> [Dataset extract]:

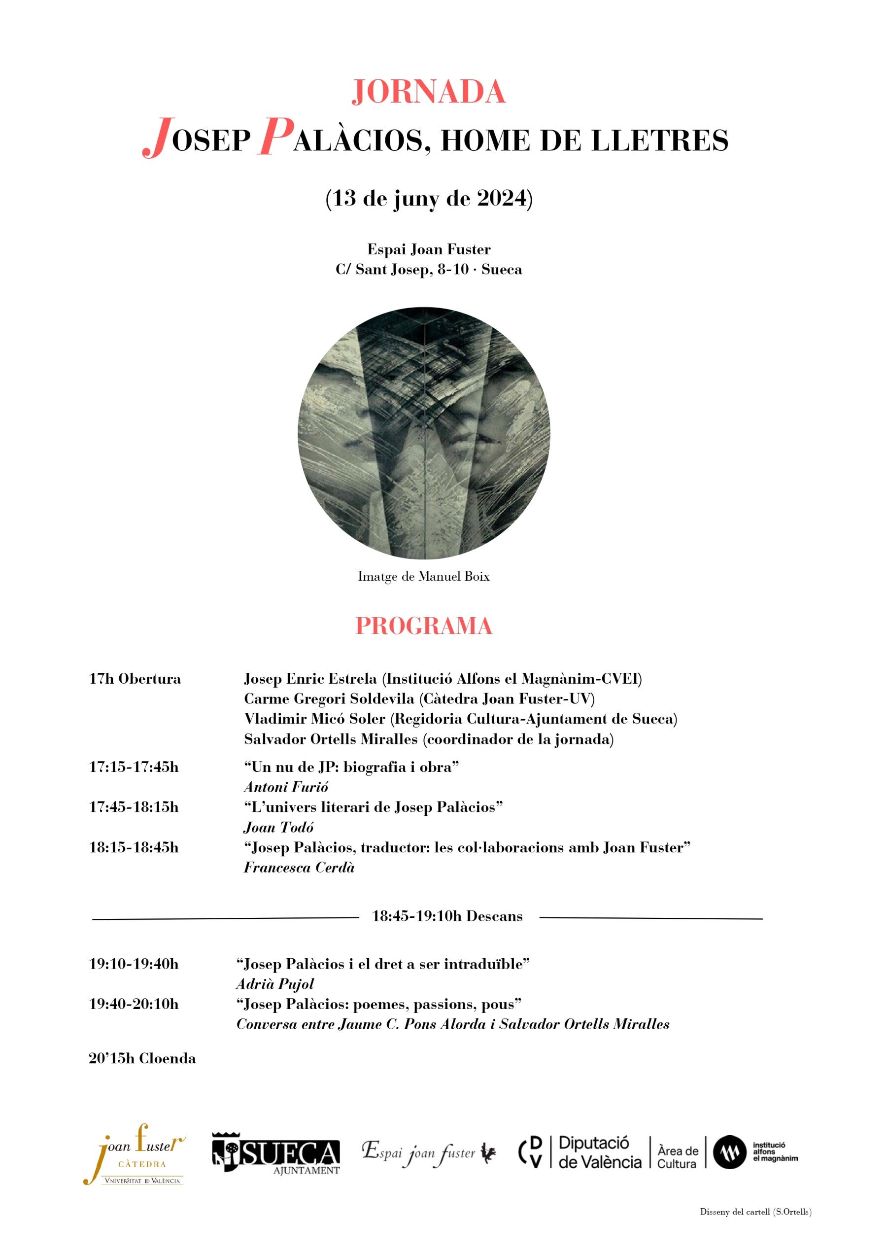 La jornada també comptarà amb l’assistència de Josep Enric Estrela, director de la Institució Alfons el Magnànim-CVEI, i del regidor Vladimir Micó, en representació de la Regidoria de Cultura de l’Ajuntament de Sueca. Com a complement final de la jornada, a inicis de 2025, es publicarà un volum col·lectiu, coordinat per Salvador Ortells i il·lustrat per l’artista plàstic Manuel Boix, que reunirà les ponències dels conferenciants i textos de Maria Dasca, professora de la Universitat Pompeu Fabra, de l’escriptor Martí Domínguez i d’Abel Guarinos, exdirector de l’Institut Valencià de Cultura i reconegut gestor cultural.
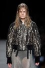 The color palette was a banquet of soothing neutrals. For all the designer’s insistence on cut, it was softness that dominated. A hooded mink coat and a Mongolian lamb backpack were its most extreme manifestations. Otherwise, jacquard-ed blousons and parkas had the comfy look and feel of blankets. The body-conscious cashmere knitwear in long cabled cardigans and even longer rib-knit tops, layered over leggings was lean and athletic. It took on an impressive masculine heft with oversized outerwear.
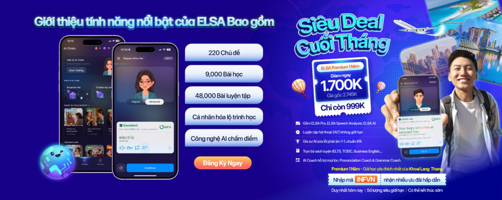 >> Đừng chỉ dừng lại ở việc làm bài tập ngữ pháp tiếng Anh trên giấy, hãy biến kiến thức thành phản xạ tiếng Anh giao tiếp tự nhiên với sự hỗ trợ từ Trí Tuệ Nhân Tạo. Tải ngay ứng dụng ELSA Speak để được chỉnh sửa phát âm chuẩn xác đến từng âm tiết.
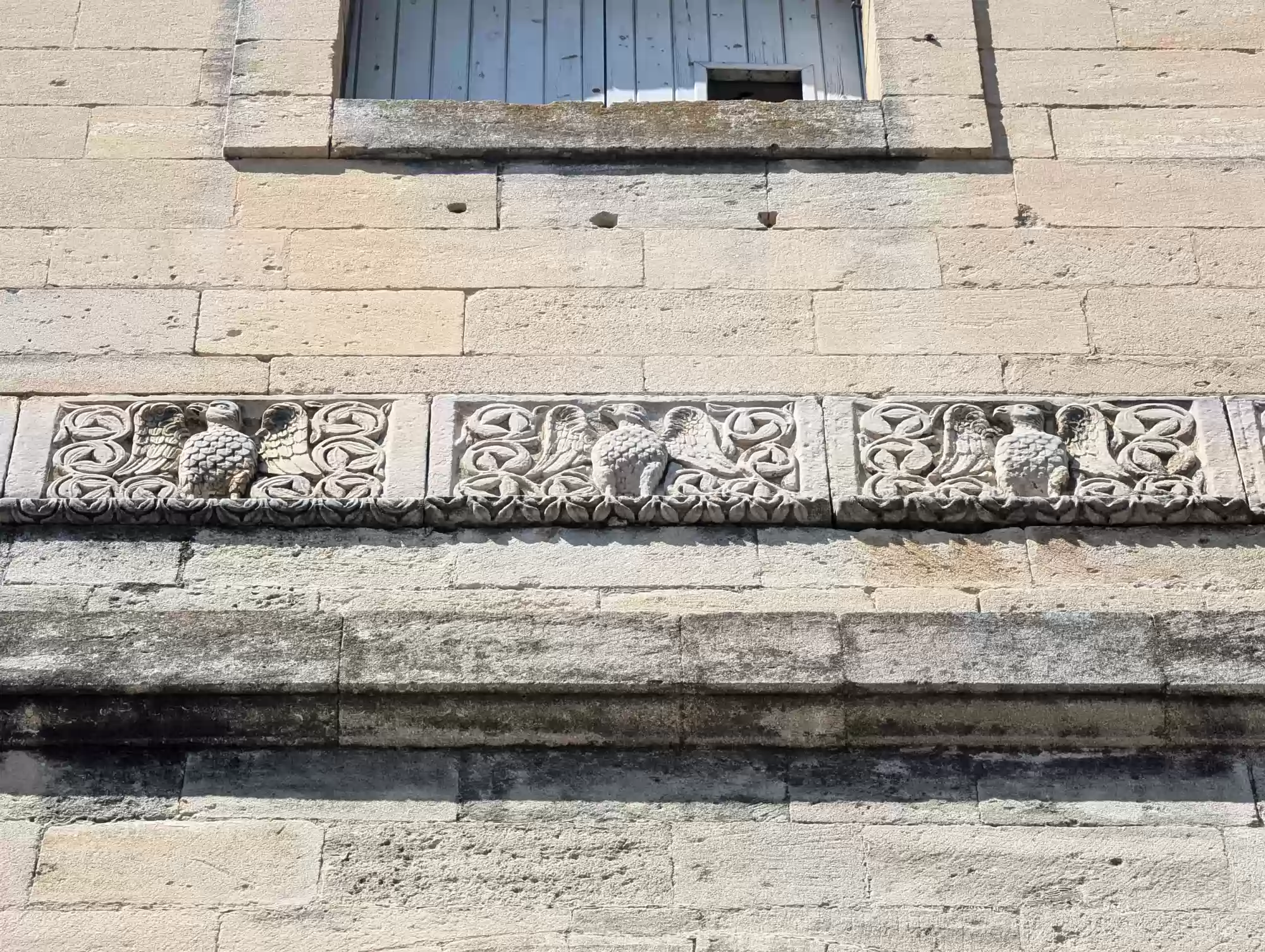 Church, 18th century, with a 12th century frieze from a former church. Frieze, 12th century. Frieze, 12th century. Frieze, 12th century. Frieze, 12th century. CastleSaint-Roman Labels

> [Instructions to follow]: Exclude the pictures. Write out the remaining data exactly.

> [Exercise result]:
 La jornada també comptarà amb l’assistència de Josep Enric Estrela, director de la Institució Alfons el Magnànim-CVEI, i del regidor Vladimir Micó, en representació de la Regidoria de Cultura de l’Ajuntament de Sueca. Com a complement final de la jornada, a inicis de 2025, es publicarà un volum col·lectiu, coordinat per Salvador Ortells i il·lustrat per l’artista plàstic Manuel Boix, que reunirà les ponències dels conferenciants i textos de Maria Dasca, professora de la Universitat Pompeu Fabra, de l’escriptor Martí Domínguez i d’Abel Guarinos, exdirector de l’Institut Valencià de Cultura i reconegut gestor cultural.
 The color palette was a banquet of soothing neutrals. For all the designer’s insistence on cut, it was softness that dominated. A hooded mink coat and a Mongolian lamb backpack were its most extreme manifestations. Otherwise, jacquard-ed blousons and parkas had the comfy look and feel of blankets. The body-conscious cashmere knitwear in long cabled cardigans and even longer rib-knit tops, layered over leggings was lean and athletic. It took on an impressive masculine heft with oversized outerwear.
 >> Đừng chỉ dừng lại ở việc làm bài tập ngữ pháp tiếng Anh trên giấy, hãy biến kiến thức thành phản xạ tiếng Anh giao tiếp tự nhiên với sự hỗ trợ từ Trí Tuệ Nhân Tạo. Tải ngay ứng dụng ELSA Speak để được chỉnh sửa phát âm chuẩn xác đến từng âm tiết.
 Church, 18th century, with a 12th century frieze from a former church. Frieze, 12th century. Frieze, 12th century. Frieze, 12th century. Frieze, 12th century. CastleSaint-Roman Labels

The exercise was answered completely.